Department of Environmental Health, Rollins School of Public Health, Emory University, 1518 Clifton Road NE, Atlanta, GA 30322, USA.
Environ Res. 2013 Feb;121:1-10. doi: 10.1016/j.envres.2012.11.003. Epub 2012 Dec 6.
Most of currently reported models for predicting PM(2.5) concentrations from satellite retrievals of aerosol optical depth are global methods without considering local variations, which might introduce significant biases into prediction results. In this paper, a geographically weighted regression model was developed to examine the relationship among PM(2.5), aerosol optical depth, meteorological parameters, and land use information. Additionally, two meteorological datasets, North American Regional Reanalysis and North American Land Data Assimilation System, were fitted into the model separately to compare their performances. The study area is centered at the Atlanta Metro area, and data were collected from various sources for the year 2003. The results showed that the mean local R(2) of the models using North American Regional Reanalysis was 0.60 and those using North American Land Data Assimilation System reached 0.61. The root mean squared prediction error showed that the prediction accuracy was 82.7% and 83.0% for North American Regional Reanalysis and North American Land Data Assimilation System in model fitting, respectively, and 69.7% and 72.1% in cross validation. The results indicated that geographically weighted regression combined with aerosol optical depth, meteorological parameters, and land use information as the predictor variables could generate a better fit and achieve high accuracy in PM(2.5) exposure estimation, and North American Land Data Assimilation System could be used as an alternative of North American Regional Reanalysis to provide some of the meteorological fields.

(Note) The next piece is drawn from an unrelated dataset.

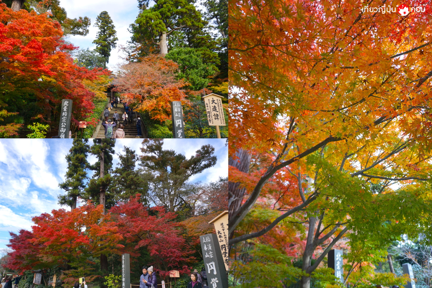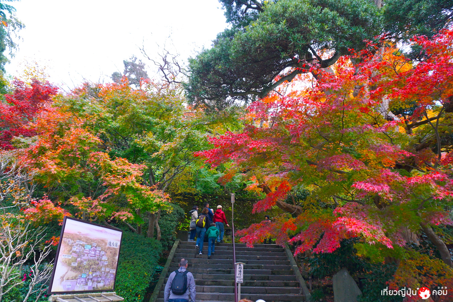 เราสามารถเดินทางไปชมใบไม้แดง เที่ยวอดีตเมืองหลวงเก่าของญี่ปุ่น ท่ามกลางวัดศาลเจ้าและบรรยากาศเมืองโบราณกันได้ ภายใน 1 วัน มาวันธรรมดาคนไม่เยอะ ไม่ต้องแย่งกันหามุมถ่ายรูป โดยวัดที่แนะนำ คือ Tsurugaoka Hachimangu, Hasedera และ Engakuji รับรองว่าจะได้เต็มอิ่มกับใบไม้แดงแน่นอน
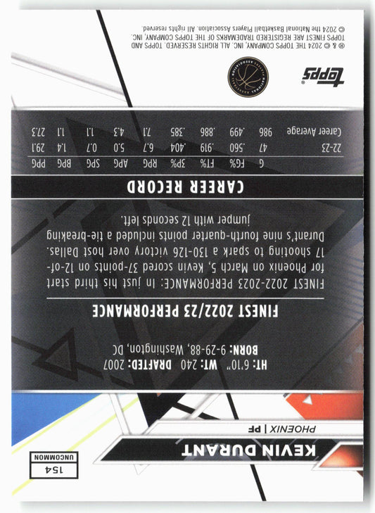 This is a nice example of a 2023-24 Finest #154 Kevin Durant Checkerboard Refractors Other important information about this card:In 2023 Kevin Durant played for the Phoenix Suns.Please check out...

目前大多数利用卫星反演气溶胶光学厚度来预测 PM(2.5)浓度的模型都是全球方法,没有考虑到局部变化,这可能会给预测结果带来显著偏差。本文利用地理加权回归模型来研究 PM(2.5)、气溶胶光学厚度、气象参数和土地利用信息之间的关系。此外,还分别利用两个气象数据集(北美区域再分析和北美陆面数据同化系统)来拟合模型,以比较它们的性能。研究区域以亚特兰大都会区为中心,数据采集自 2003 年的多个来源。结果表明,使用北美区域再分析的模型的平均局部 R(2)为 0.60,使用北美陆面数据同化系统的模型达到 0.61。均方根预测误差表明,模型拟合的预测精度分别为 82.7%和 83.0%,交叉验证的预测精度分别为 69.7%和 72.1%。结果表明,地理加权回归结合气溶胶光学厚度、气象参数和土地利用信息作为预测变量,可以更好地拟合,并实现 PM(2.5)暴露估计的高精度,而且北美陆面数据同化系统可以作为北美区域再分析的替代方法,提供一些气象场。